To Py or not to Py? – Python project update
Hello everybody! I hope you are all well.
As you can see in the featured image I am really excited about receiving the programme’s t-shirt!
So, in my last blog post I introduced myself and asked you to answer a question in the comments. I am pleased that you took the challenge and answered. Now, in today’s post I would like to describe some information about the project I work on and my progress so far.
Nowadays, the use of Python is getting popular, mainly because it’s really user-friendly and saves quite a lot of developing and debugging time. However, when it comes to performance, there are some lower level programming languages, which means they are closer to the computer than the human, that produce programs with less execution time. Simulations, visualisations and other heavy calculation programs that run on supercomputers reveal Python’s poor performance. So the question is; can Python be optimised to run fast and benefit from HPC architectures?
Before answering to that, we have to understand some basic features of the Python program that we will study.
The program performs a Computational Fluid Dynamics (CFD) simulation of fluid flow in a cavity.
The Fluid Dynamics problem is a continuous system that can be described by partial differential equations, but in order for a computer to run simulations, the calculations need to be put into a grid (discretisation). In this way, the solution can be approached by finite difference method, which means that the value of each point in the grid is updated using the values of neighboring points.
The program can be parameterized by specifying the variables below:
- Scale Factor – affects the dimensions of the box cavity and consequently the size of the array(s) in which the grid is stored.
- Number of Iterations – affects the number of the steps in the algorithm, the larger it is the more accurate the result will be.
- Reynolds number (Re) – defines the viscosity which affects the presence of vertices (whirlpools) in the flow.
The simulation result is visualized by arrows and colors drawn in an image representing the grid. The arrows demonstrate the direction of the fluid at each point, while the different colors indicate the fluid’s speed, with blue being low speed and red being high speed.
There are several techniques that can be applied to speed up Python codes. The goal of this project is to investigate optimisations for Python programs that run not only on CPUs but also on GPUs.
Progress in the first 3 weeks
Some of my early tasks were to study the algorithm, understand the existing Python and C codes, get access to HPC systems and submit my first jobs to the supercomputers.
Currently, I am working on optimisations to the Python code. The metric that interests us is the iteration time, which is derived if we divide the total time for N iterations by N. I have been trying to use several Python modules that accelerate the calculations and found out that numexpr module is the best for our case. The Python baseline (unoptimised) code uses the Numpy module to achieve fast array calculations. However, only the numexpr version of the Python code can compete against C, since the Numexpr module creates less temporary arrays and uses multi threading internally.
Next goals and conclusion
My next goal is to produce a performance graph for the MPI versions, which I will describe next time, and then move on to developing an equivalent Python program for GPUs.

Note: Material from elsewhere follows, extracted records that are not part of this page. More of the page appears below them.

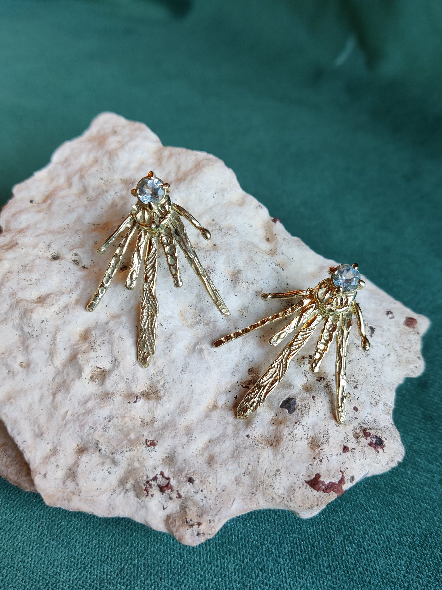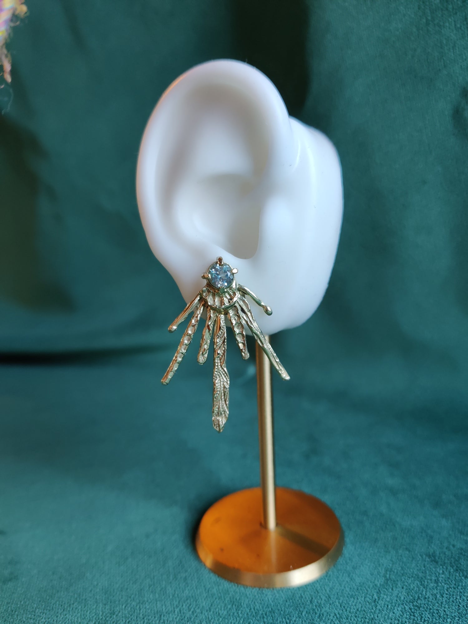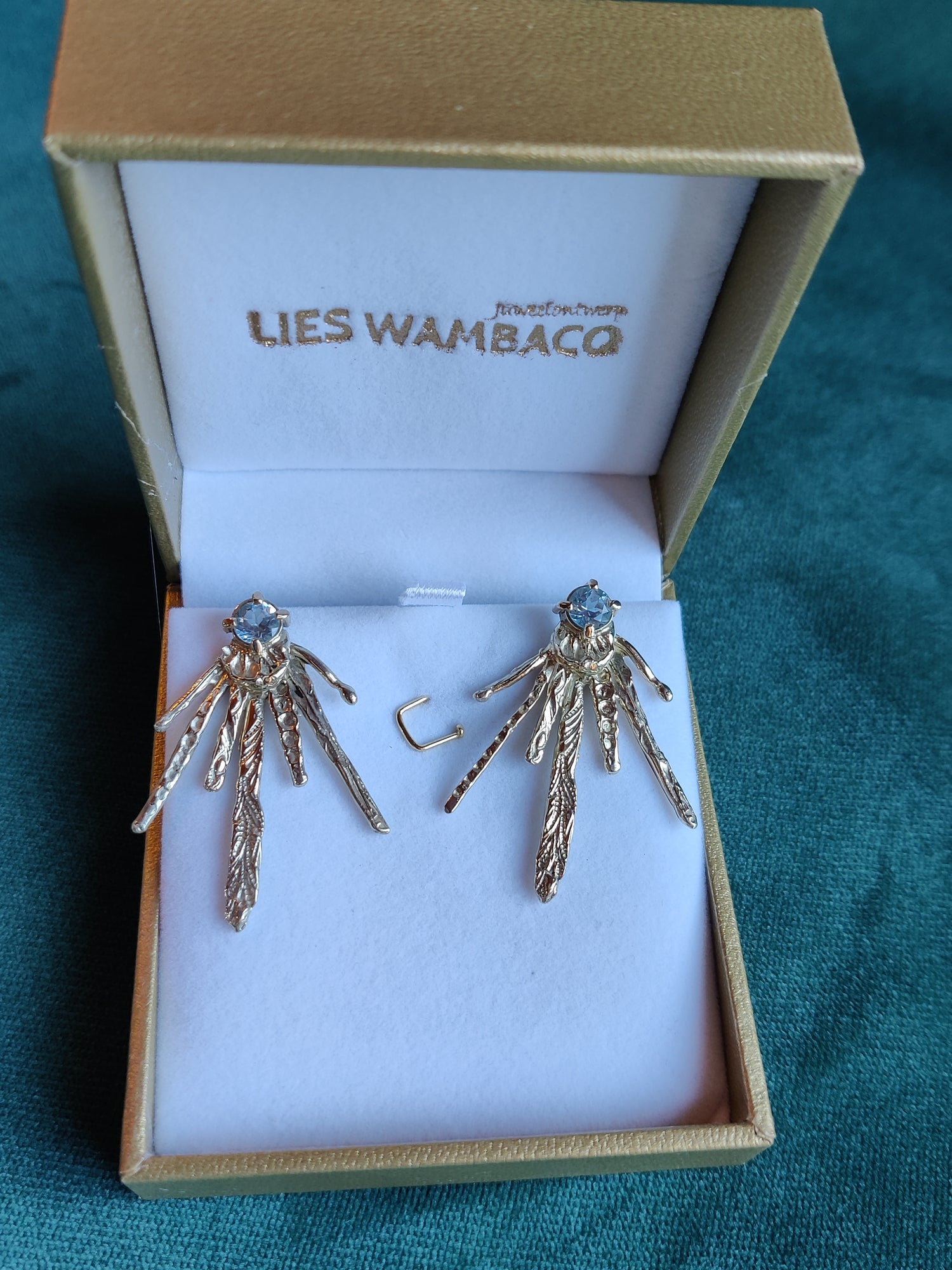 Oorbel in 14k geel goud met ronde topaas 5 mm. Het zijn fel blauwe edelstenen gezet in een stevige 14k geel gouden zetting, omringt door gouden stralen met een Lies motief.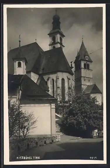 AK Kitzbühel /Tirol, Ortspartie an der Kirche
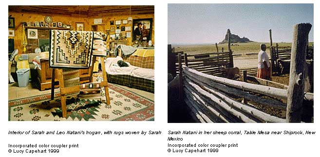 Photographer Lucy Capehart, a museum educator and curator, is known for her wide-open color landscapes, domestic interiors, and for being responsive to the people and subjects she is photographing. Her images show us the importance of sheep to Navajo life and traditions through photographs of Churro, fresh mutton for sale, and beautifully woven traditional rugs. DBI leader Sarah Natani is seen in her sheep corral and her rugs are shown in her hogan. |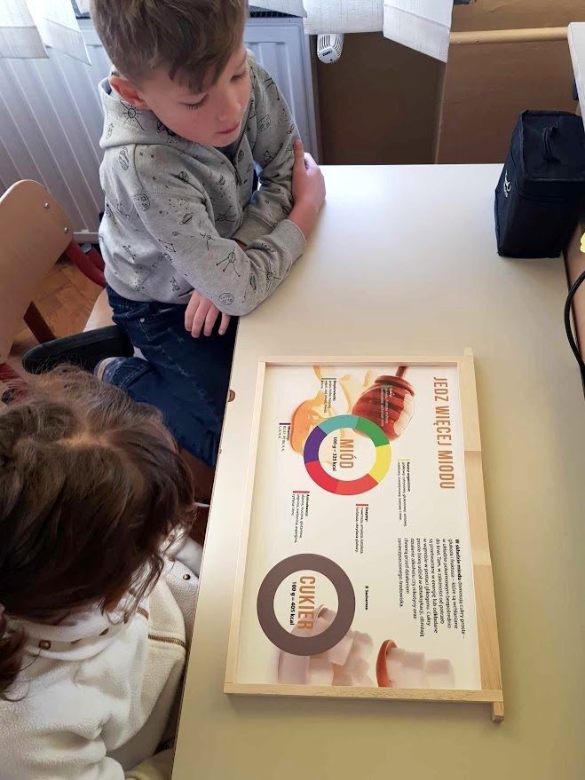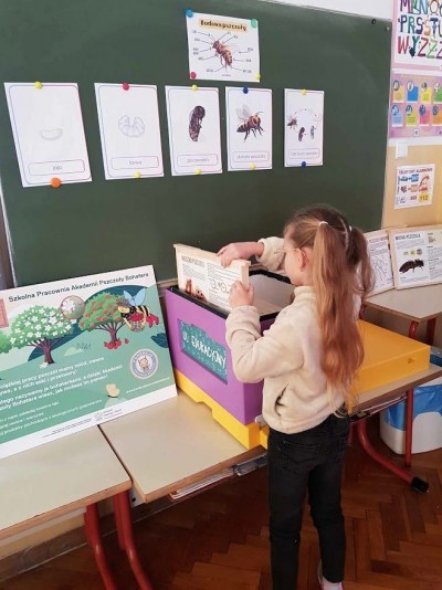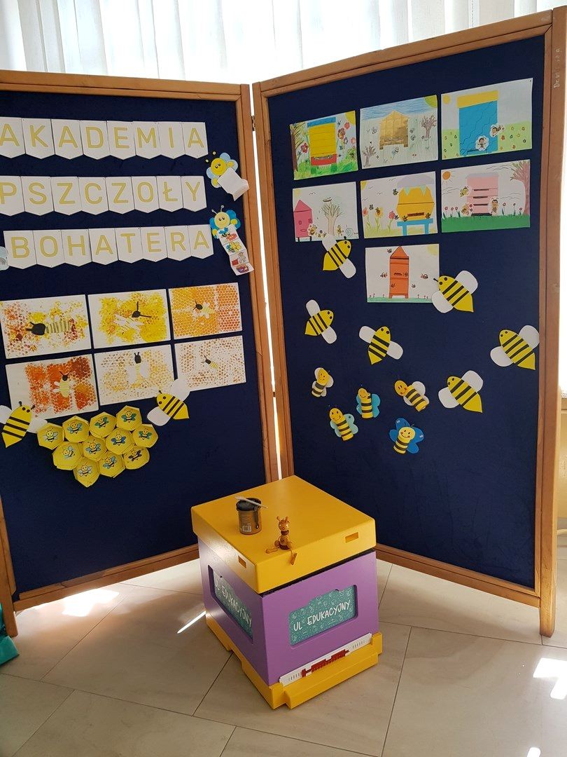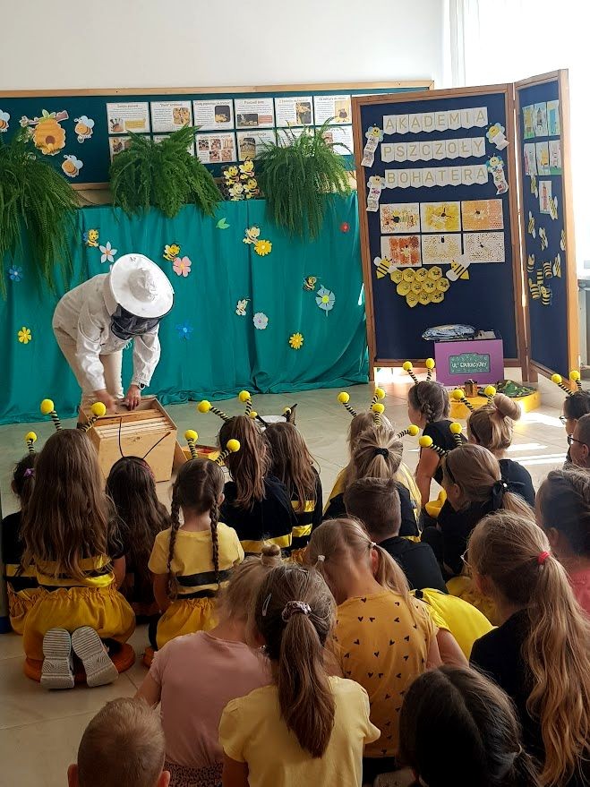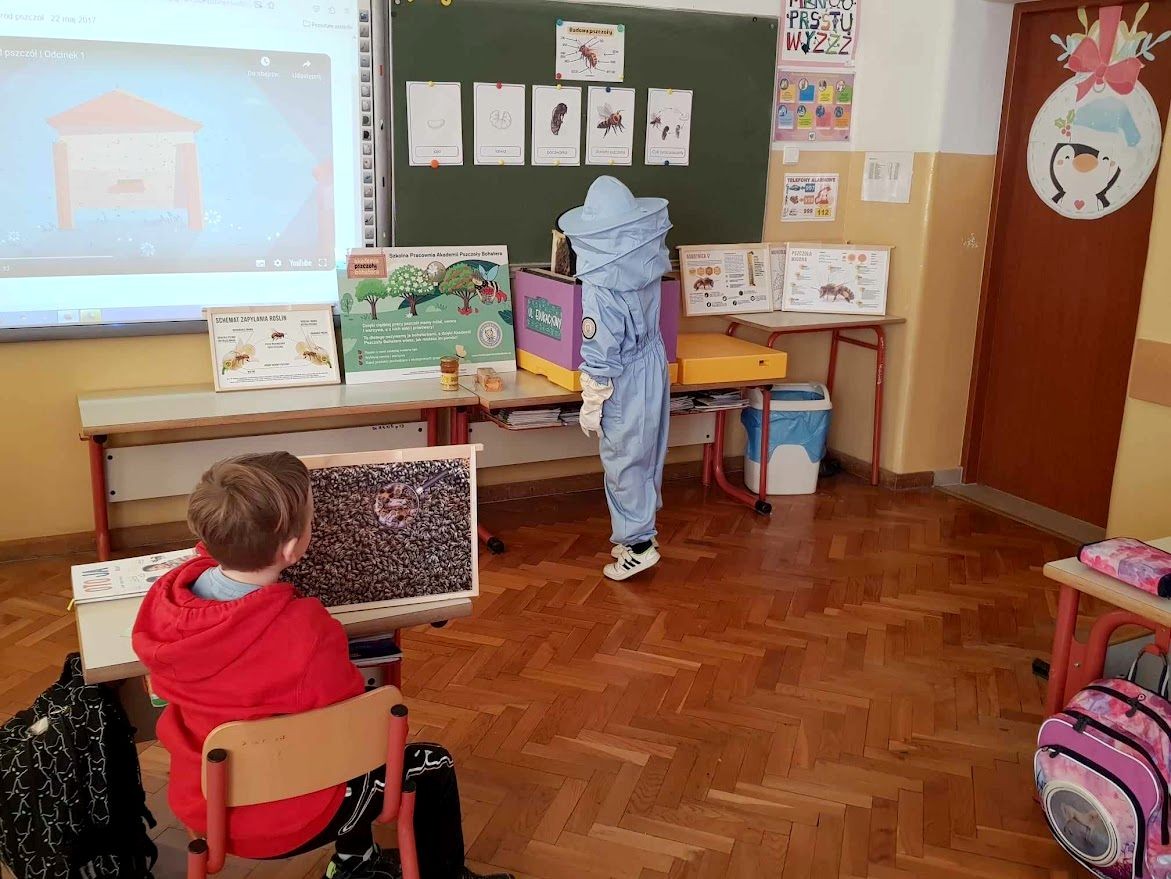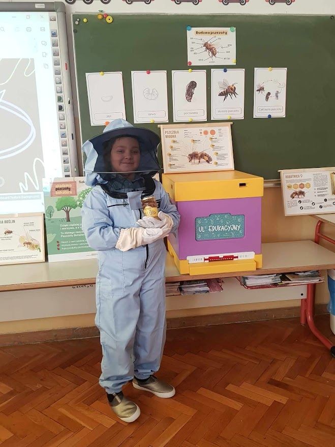 Szkolna Pracownia Akademii Pszczoły Bohatera wyposażona w materiały dydaktyczne: ul edukacyjny, kombinezon, rękawice pszczelarskie, które wykorzystywane były podczas cyklicznych zajęć z uczniami. Dzieci aktywnie w nich uczestniczyły, z zaciekawieniem oglądały filmy dotyczące życia pszczół, z zainteresowaniem przeglądały akcesoria pszczelarskie, a nawet skorzystały z okazji do przymierzenia stroju pszczelarza. Ponadto otrzymały do skosztowania naturalny i zdrowy sok oraz chipsy jabłkowe.

Before concluding, my question for you this time is the question in the title:
“ To Py or not to Py? ”
And by that I mean what is your experience in Python, have you ever used it? If yes, is it your most preferred language? Have you ever bothered about its performance?
Please feel free to write your thoughts on that down in the comments section.
That’s all for this blog, I really hope you found some interesting points in it and I will be happy to see you in one of my future posts.